What is needed
Return, without pictures, the lines from the start of the data through the one that contains "Big wall sign".

Dataset excerpt
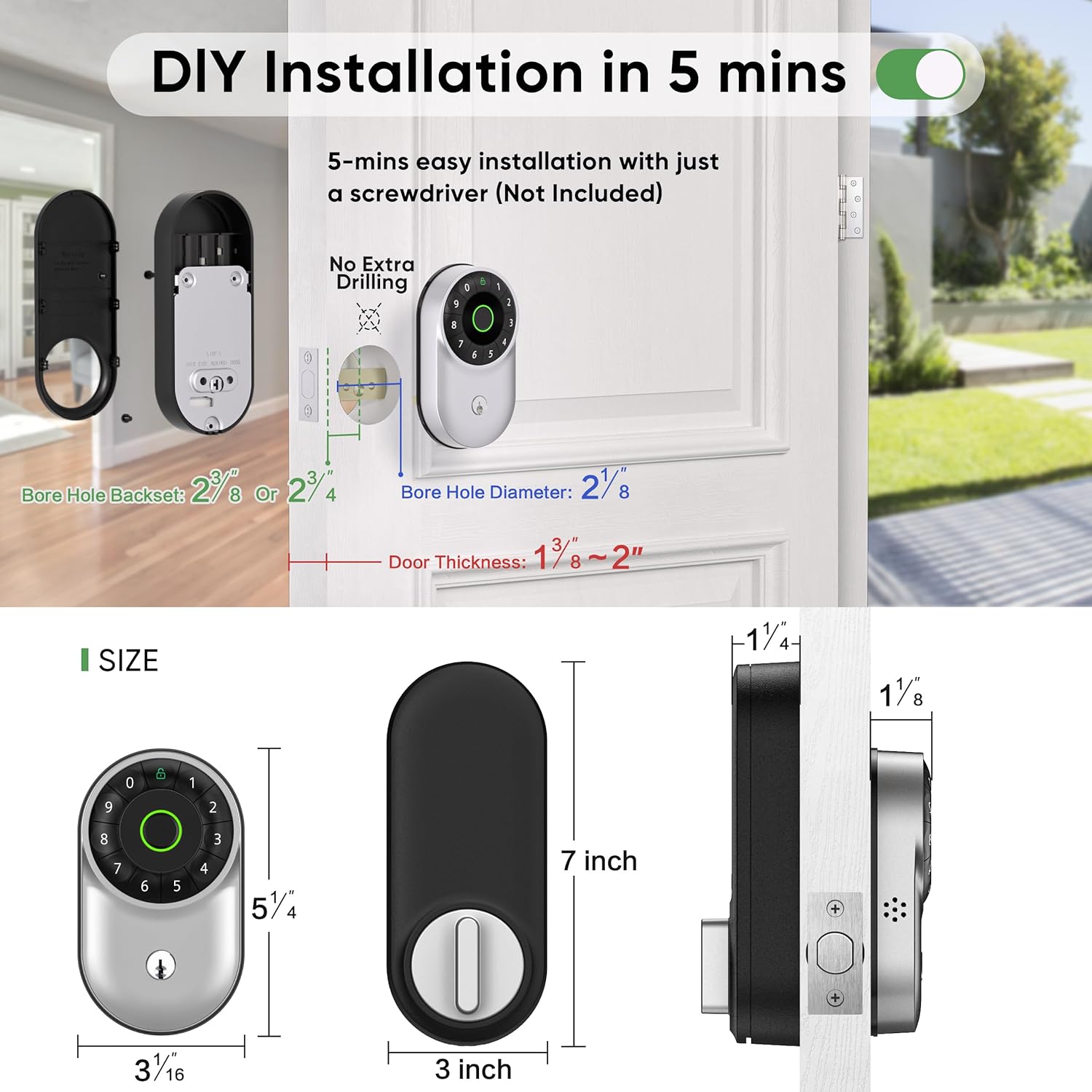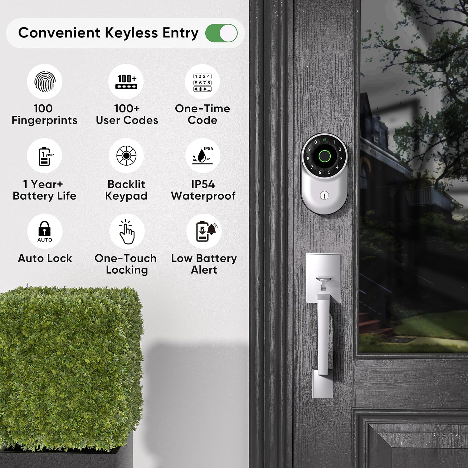 Convenient Keyless Entry: Supports storage of up to 100 fingerprints and 100 user codes; Up to 1-year battery life with low battery alert; Upgraded backlit keypad with IP54 water-resistant rating; Customizable auto-locking door upon exit; One-touch keypad locking from outside; Includes 2 keys for keyless unlocking.
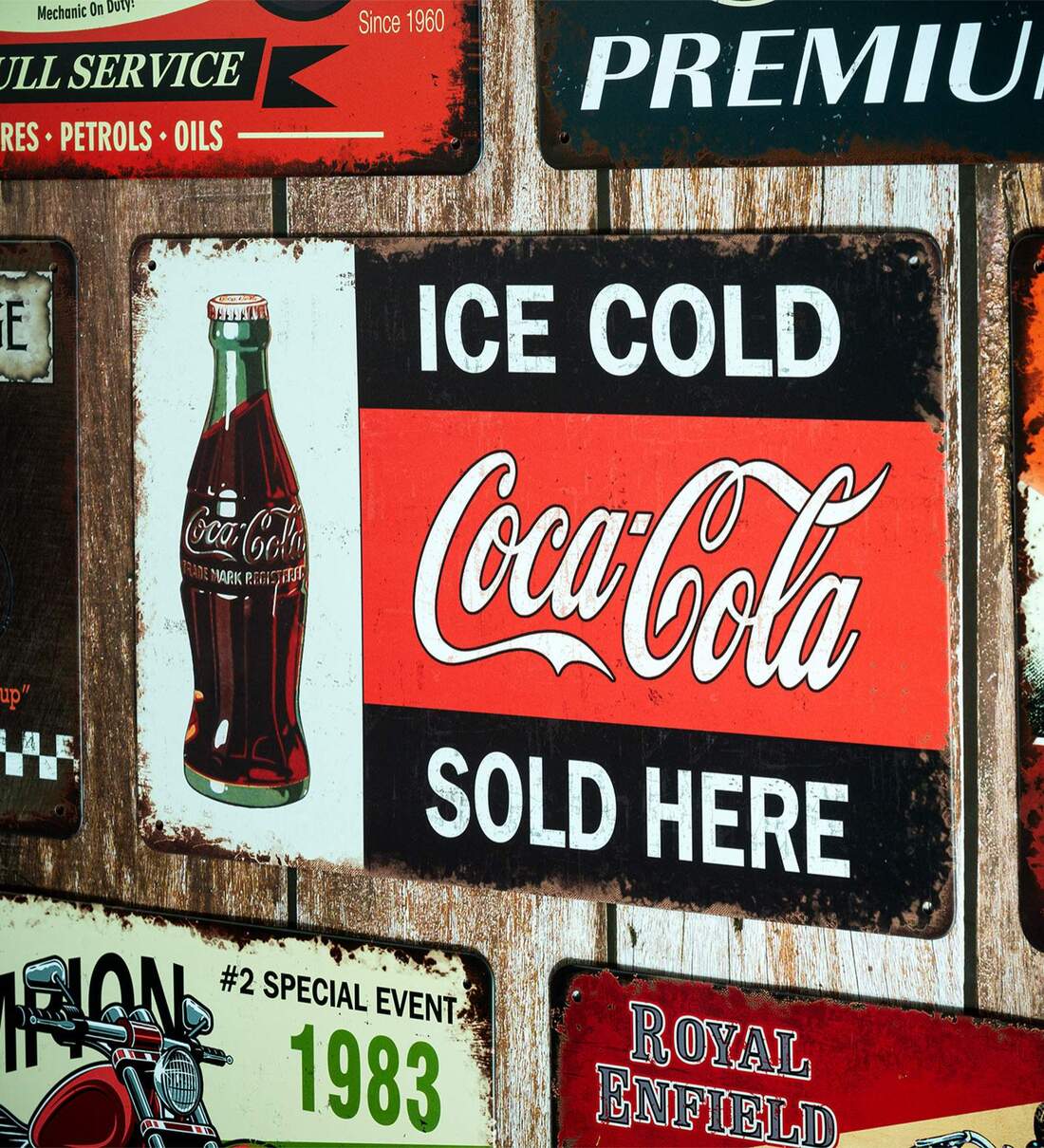Big wall sign Ice Cold Cocacola sold Here Number Plate
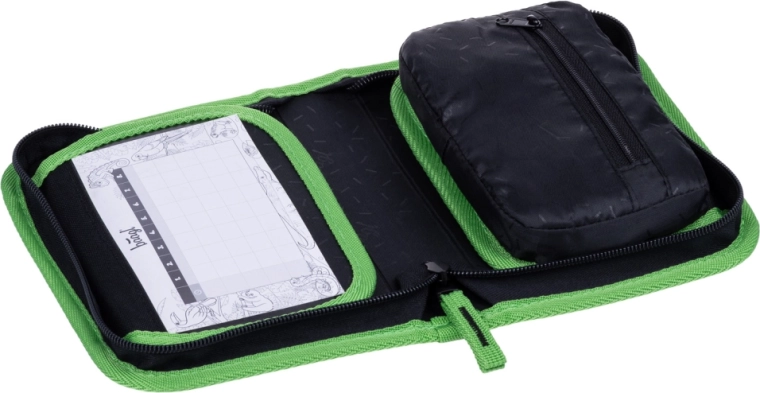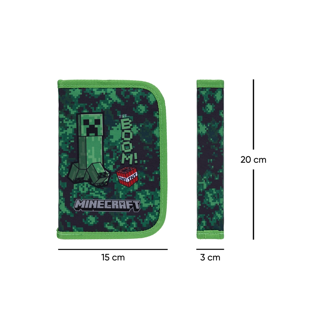 Stilfuldt skolepenalhus med MINECRAFT Boom-motiv, der byder på praktisk ét-lags design med to flapper, holdbar YKK-lynlås og overskuelig indretning. Indvendigt finder du en lille lomme til småting, et vindue til skema og stærke elastikker, som også er kompatible med trekantede farveblyanter og tuscher. Penalhuset leveres uden indhold og er fremstillet af genanvendt materiale.

Output for this task
 Convenient Keyless Entry: Supports storage of up to 100 fingerprints and 100 user codes; Up to 1-year battery life with low battery alert; Upgraded backlit keypad with IP54 water-resistant rating; Customizable auto-locking door upon exit; One-touch keypad locking from outside; Includes 2 keys for keyless unlocking.
Big wall sign Ice Cold Cocacola sold Here Number Plate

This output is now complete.